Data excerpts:

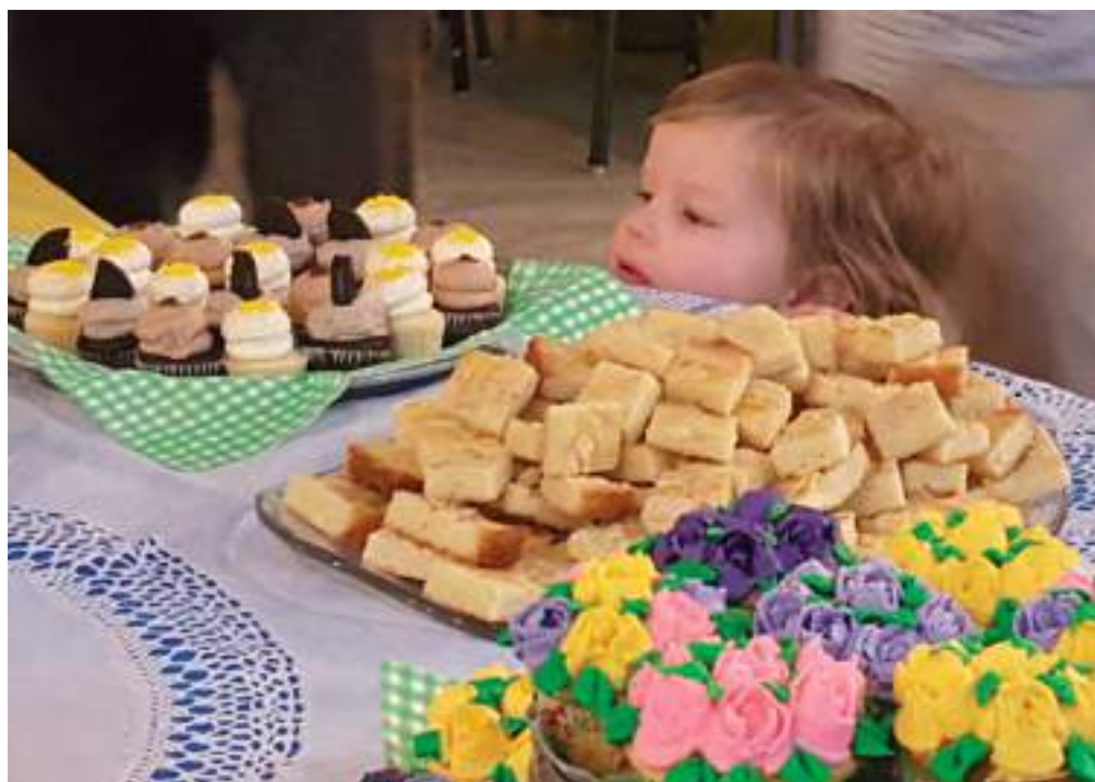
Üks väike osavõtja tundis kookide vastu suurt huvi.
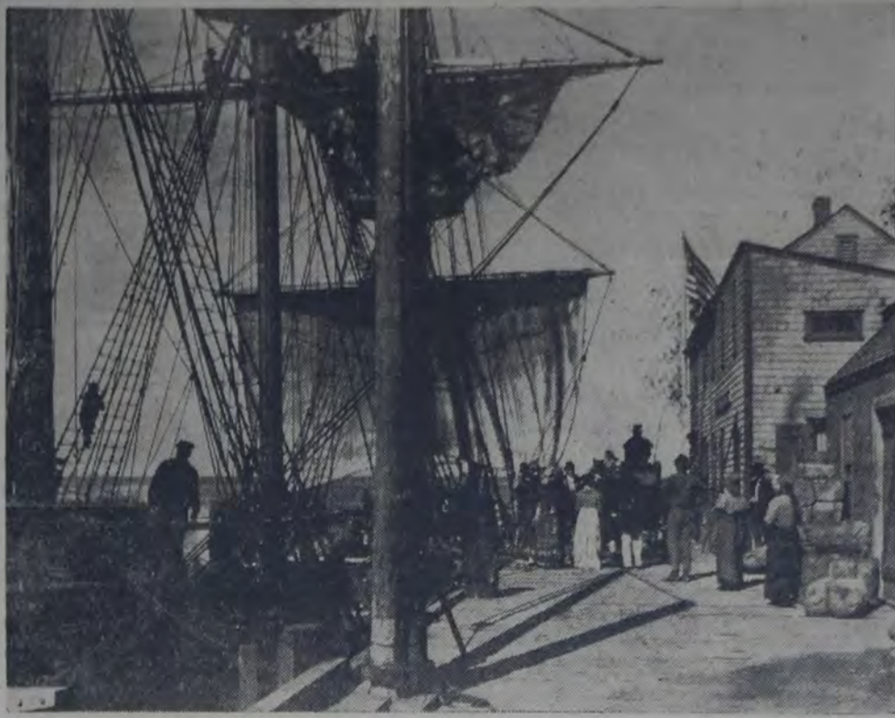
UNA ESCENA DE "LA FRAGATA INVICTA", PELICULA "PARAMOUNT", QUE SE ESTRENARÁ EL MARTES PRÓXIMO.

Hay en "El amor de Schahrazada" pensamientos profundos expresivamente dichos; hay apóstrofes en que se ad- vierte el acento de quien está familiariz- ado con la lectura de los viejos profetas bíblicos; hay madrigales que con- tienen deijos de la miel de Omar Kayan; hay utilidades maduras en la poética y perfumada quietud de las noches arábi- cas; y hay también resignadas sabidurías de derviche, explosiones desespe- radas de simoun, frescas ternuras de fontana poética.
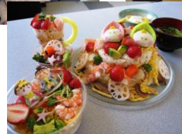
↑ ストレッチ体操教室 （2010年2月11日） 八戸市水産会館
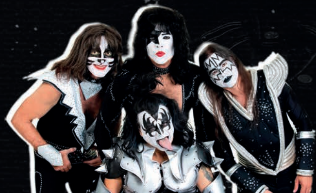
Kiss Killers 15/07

> **Aim of the exercise**:
Any pictures should be dropped; transcribe the rest of the records above exactly.

> **Answer section**:
Üks väike osavõtja tundis kookide vastu suurt huvi.
UNA ESCENA DE "LA FRAGATA INVICTA", PELICULA "PARAMOUNT", QUE SE ESTRENARÁ EL MARTES PRÓXIMO.

Hay en "El amor de Schahrazada" pensamientos profundos expresivamente dichos; hay apóstrofes en que se ad- vierte el acento de quien está familiariz- ado con la lectura de los viejos profetas bíblicos; hay madrigales que con- tienen deijos de la miel de Omar Kayan; hay utilidades maduras en la poética y perfumada quietud de las noches arábi- cas; y hay también resignadas sabidurías de derviche, explosiones desespe- radas de simoun, frescas ternuras de fontana poética.
↑ ストレッチ体操教室 （2010年2月11日） 八戸市水産会館
Kiss Killers 15/07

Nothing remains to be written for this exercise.